How could he??
@phillygirl606 (1112)
United States
April 12, 2008 8:22pm CST
I am fuming right now. My boyfriend just called me, and while we were on the phone he accidently slipped and told me that he had been on my aol email account and that also he read all my inbox messages on my myspace page. I feel like he doesn't trust me. That he went on these pages to read my emails to see if I was talking to over guys. Because he has kind of always been insecure about my guy friend. I am really confused. I am kind of feeling that he is never gone to trust me. Am I over reacting? what would you do in you were in a similar situation? All opinions would be helpful
9 people like this
32 responses
@barehugs (8973)
• Canada
13 Apr 08
Speaking of trust - where is your's? Is there any love between you and your Boyfriend? Is there any Trust? Love is all there really Is in this world. Love makes the worls go round. Absolute Love demands Absolutely Nothing. Think about this next time you are untrusting. Why do you get upset and feel he doesn't trust you? If you trusted him, you would willing share your email inbox. Why do you hide anything from him? Do you expect him to share completely with you when you do not share with him? Is this Love? Real absolute Love? Would he be "silly" to trust you when you don't trust him?
1 person likes this
@phillygirl606 (1112)
• United States
13 Apr 08
I understand my point, but why would he need to be sneaky about getting my passwords. If he wanted to go over my stuff I would have been glad to sit there with him and let him look at what ever he wanted to look at. It's the way he went about it that upsets me. And he always compares me to his ex wife. Since his ex wife had cheated on him he has it in his head that I am gone to do the same thing. He gets upset when ever I talk to any of my guy friends. And these are people that I have known for 10 and more years. I have nothing to hide. There was no reason for him to go home and log on to my accounts. We usually spend all out free time together, if he wanted to see what I had all he had to do was ask. He went over my head with it.
@mbs730 (2147)
• Canada
13 Apr 08
Oh gosh you have every right to be angry because I would be fuming too. It's a feeling of invasion of trust. One time my husband went through my stuff and I was angrier than anything. You have every right to be angry with him, I am sorry he did that to you.
@phillygirl606 (1112)
• United States
13 Apr 08
I am feeling very hurt and angry at the same time. I have never went through anything of his. I have also never gave him a reason to not trust me. THe worse part is he sees it as no big deal because its only email. He's isn't seeing my side, I have told him time and time again that I am not doing anything wrong, and he just couldn't take my word on it. He had to go behind my back and look at my stuff anyway.
1 person likes this
@Darkwing (21583)
•
13 Apr 08
It's understandable that he's broken your trust. How did he know your password anyway? Did he intend to go read your e-mail... if so, that's despicable. I would have a few words with him, my friend, and tell him how upset you are that he can't trust you.

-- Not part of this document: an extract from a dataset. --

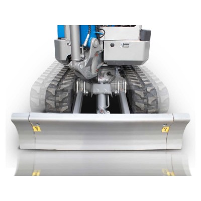 Το πλάτος της λεπίδας ισοπέδωσης μπορεί να προσαρμοστεί εύκολα και γρήγορα με έναν πείρο ώστε να ταιριάζει με το πλάτος των πτυσσόμενων ερπυστριών. |

Brightest Blessings, and good luck.
1 person likes this
@Darkwing (21583)
•
13 Apr 08
It seems that there's a tad of jelousy in him, which really needs nipping in the bud. I think I would have a word, and tell him that you don't mind showing him your e-mail, if he asks, even allowing him to check it for you at times, but you're a bit put out at him sneaking behind your back, because it's trust broken on both sides. Without trust, a relationship is always without depth. You can't be happy when you're having to watch each other's every move, and it needs to be worked out before it goes too far, I feel, my friend.
1 person likes this
@phillygirl606 (1112)
• United States
13 Apr 08
I haven signed on a few times around him. I guess he watched my hands. He read every piece of email I had that he thought would have been from a guy. And the worse part about it is I have never done anything for him to not trust me.
2 people like this
@rarrimalion (674)
• United States
13 Apr 08
I'd be upset too! He has NO right to do that, you guys aren't even married. YOu need to really talk to him about it, he will probably be defensive because he knows what he did was wrong. Trust is so so so important in a relationship, without it, your relationship will just be drama filled and you'll slowly become more and more miserable. Tell him you trust him, why can't he have enough respect for you to do the same?
Oh and change your passwords!!
1 person likes this
@phillygirl606 (1112)
• United States
13 Apr 08
he knows i trust him. I have had his passwords for awhile now. But I have never even dreamed of going on to his accounts. I had all the trust for him. And I would never invade anyones privacy like that. I just got done changing all my passwords.
1 person likes this
@lishiwei (1550)
• China
13 Apr 08
He really shouldn't do that!The trust between the two is the most important and we also should give the other the free space.I think you should tell him that.May be he is too love you that he was afraid of lose you.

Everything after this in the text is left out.